— DATA FOR ANALYSIS —
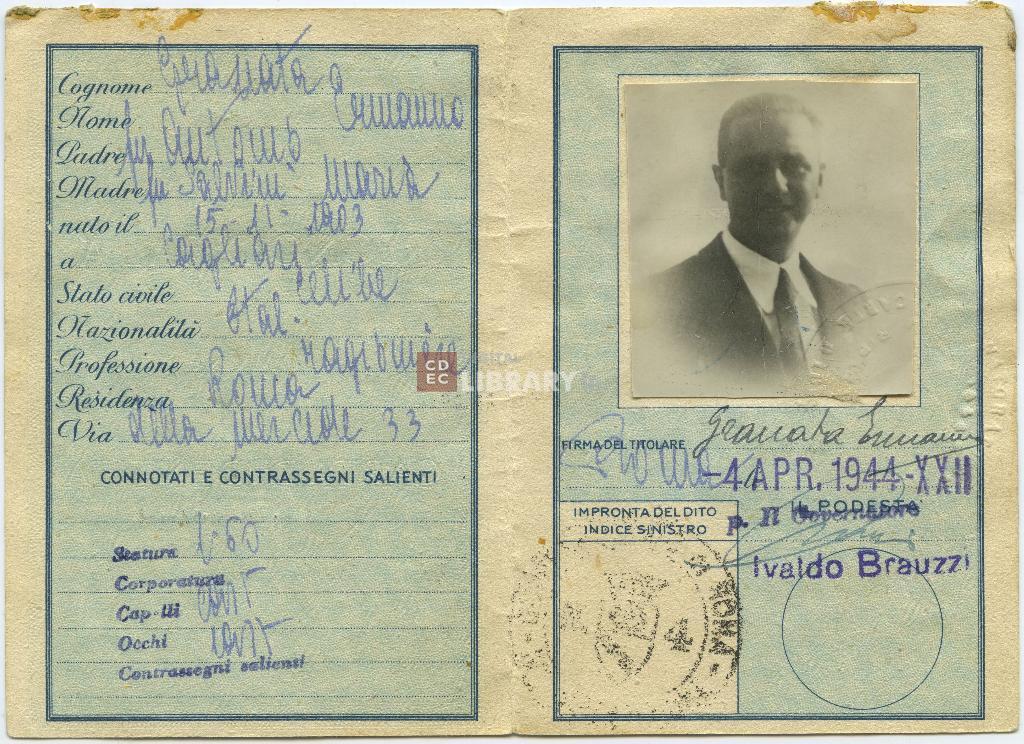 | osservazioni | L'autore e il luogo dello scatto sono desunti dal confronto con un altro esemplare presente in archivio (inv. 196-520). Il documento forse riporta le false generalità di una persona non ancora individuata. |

--

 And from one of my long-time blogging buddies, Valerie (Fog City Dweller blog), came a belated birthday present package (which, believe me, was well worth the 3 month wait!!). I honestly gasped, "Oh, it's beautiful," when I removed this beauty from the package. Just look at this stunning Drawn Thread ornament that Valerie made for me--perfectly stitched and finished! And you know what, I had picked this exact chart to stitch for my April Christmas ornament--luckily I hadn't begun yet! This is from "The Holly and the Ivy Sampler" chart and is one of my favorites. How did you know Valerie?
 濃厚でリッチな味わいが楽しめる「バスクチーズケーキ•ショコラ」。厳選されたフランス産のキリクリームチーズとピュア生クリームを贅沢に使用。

— INSTRUCTIONS TO FOLLOW —
Look above for the line with "And from one"; retype exactly that line, every line after it up to the line with "濃厚でリッチな味わいが楽しめ", and that line too, nothing else.

— EXERCISE OUTPUT —
 And from one of my long-time blogging buddies, Valerie (Fog City Dweller blog), came a belated birthday present package (which, believe me, was well worth the 3 month wait!!). I honestly gasped, "Oh, it's beautiful," when I removed this beauty from the package. Just look at this stunning Drawn Thread ornament that Valerie made for me--perfectly stitched and finished! And you know what, I had picked this exact chart to stitch for my April Christmas ornament--luckily I hadn't begun yet! This is from "The Holly and the Ivy Sampler" chart and is one of my favorites. How did you know Valerie?
 濃厚でリッチな味わいが楽しめる「バスクチーズケーキ•ショコラ」。厳選されたフランス産のキリクリームチーズとピュア生クリームを贅沢に使用。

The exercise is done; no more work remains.